A point that appears to receive little attention in the literature has to do with the importance of emotional intelligence of self-awareness among lawyers.

In a sense, the task of mastering one’s emotions is even more difficult for the lawyers than it is for mediators. Unlike the third party neutral mediator, each lawyer has been immersed in his client’s case, likely from the outset. The lawyer has been exposed primarily to his own client’s side the of the story, subject only to whatever documentary and oral discovery may have taken place by the time of the mediation. While any lawyer will recognize the importance of providing advice that is as objective as possible, the fact remains that many lawyers will, either deliberately or subconsciously, adopt their client’s cause as their own. As a result, it may be more likely for the negotiations at mediation to give rise to emotional upset for the lawyer than for the mediator. This is particularly true if the lawyer for the opposing side is able to press the right triggers, for example by challenging the lawyer’s integrity, pride, ego, or skill level.  In that event, the need for lawyers to regulate their own emotions becomes even more important, but more difficult, than for the mediator.

Furthermore, unlike the mediator, a lawyer acting on behalf of an angry client in an emotionally charged dispute may find himself in a different predicament. Angry clients have a rather disturbing tendency to turn their anger upon their own lawyers, sometimes at the drop of a hat.  Whether that is a function of the often irrational behavior that characterizes angry outbursts and attitudes filled with blame and resentment is beyond the scope of this post.  However, most lawyers will have gone through this experience and may well have to confront it once again at or after mediation.  This will particularly be so if the mediation does not go well for the client, either because of hostility created by the opponent’s expressions of anger or for any other reason.

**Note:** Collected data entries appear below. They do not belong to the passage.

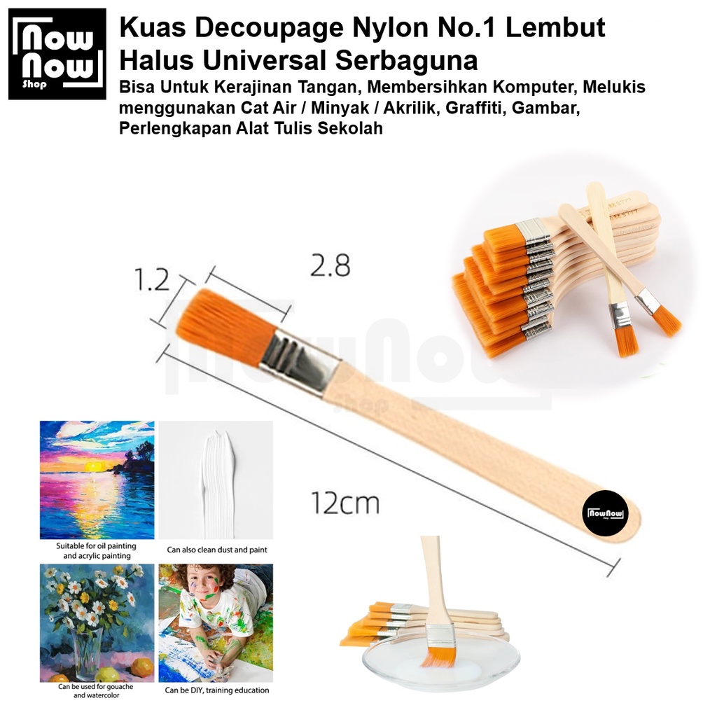 Kuas Decoupage Nylon No.1 Lembut Halus untuk Kerajinan Komputer Craft Lukis Cat Akrilik DIY Graffiti Brush Set untuk Seniman Artist Seni Minyak Sikat Sekolah Gambar Perlengkapan Alat Tulis
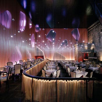 エレベーターが開いた先に広がる別世界。オープンキッチンカウンターを望むライブ感たっぷりの空間、国内最大級の2000本のワインが並ぶ高さ約8メートルのワインセラー、天井から降りそそぐスワロフスキーのライト、まるで宝石箱のようにきらめく、ほかにはないゴージャスな空間、DAZZLE。特別な日のデートやプロポーズに利用する人も多く、日常の喧騒を忘れラグジュアリーな時間を過ごしたい人に最適なモダンイタリアンレストラン。
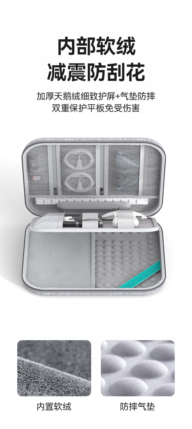 内部绒毛气垫包裹,双重缓冲保护。
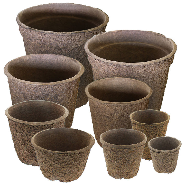 Containers are fiber molded, meaning they are made of recycled material, biodegradable, and usually decompose in about a year's time. This significantly minimizes waste production and also allows them to be planted directly into the soil.
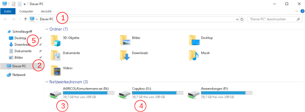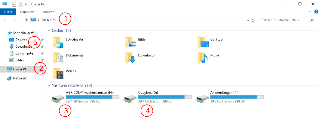 (1) Adressleiste, (2) Dieser PC, (3) Persönliches Laufwerk, (4) Copybox, (5) Download-Ordner
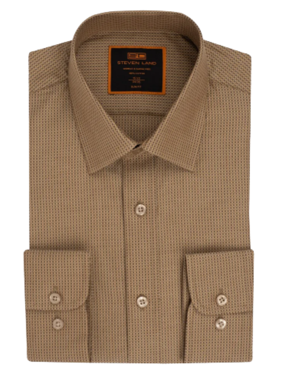 Steven Land Textured Golden Brown Slim Fit Spread Collar Wrinkle Shrink Free Cotton Dress Shirt

A lawyer confronted by his own angry client with attacks on his own integrity and threats to his own ego will have to manage his own emotions in order to respond appropriately and constructively.  This reality will represent a very real challenge.  A lawyer will approach the negotiation, presumably, with a view to obtaining the best result reasonably available to his client given the strengths and weaknesses of his case, the likely outcome and costs of trial, and the other usual considerations.  It may well be that this objective would be best served by permitting his client to express anger and high emotion, although presumably under controlled circumstances.  On the other hand, permitting a client free rein with his emotions may result in a backlash against the party’s own lawyer if the desired result is not achieved.  Furthermore, there are clients who seem to feel that their lawyer ought to share their anger, particularly if it is based in righteous indignation.  Lawyers who join in with their clients in expressing those sorts of sentiments may ingratiate themselves with their clients but, by doing so, will rarely contribute to the objective of settlement.

There is an additional reason why the need for lawyers to help regulate their clients’ conduct is even more significant than that of the mediator.  The mediator’s involvement in the matter will conclude at the end of the mediation whether the case has settled or not.  If the case has not settled, the action will proceed, the lawyer will continue to be involved, and the lawyer will next face the task of assisting the client to regulate his emotions when the matter reaches the courtroom.  In the courtroom, of course, the consequences of failure are far greater than they are at mediation, the atmosphere is likely to be even more emotionally charged, the need to regulate emotion is even higher, and the difficulty of doing so is even greater.

These observations are not just directed to lawyers.  A party involved in a mediation with a genuine interest in settlement will have to be able to “read” not only the opposing side but also his own lawyer, to be satisfied that the advice and guidance being provided is truly objective and dispassionate.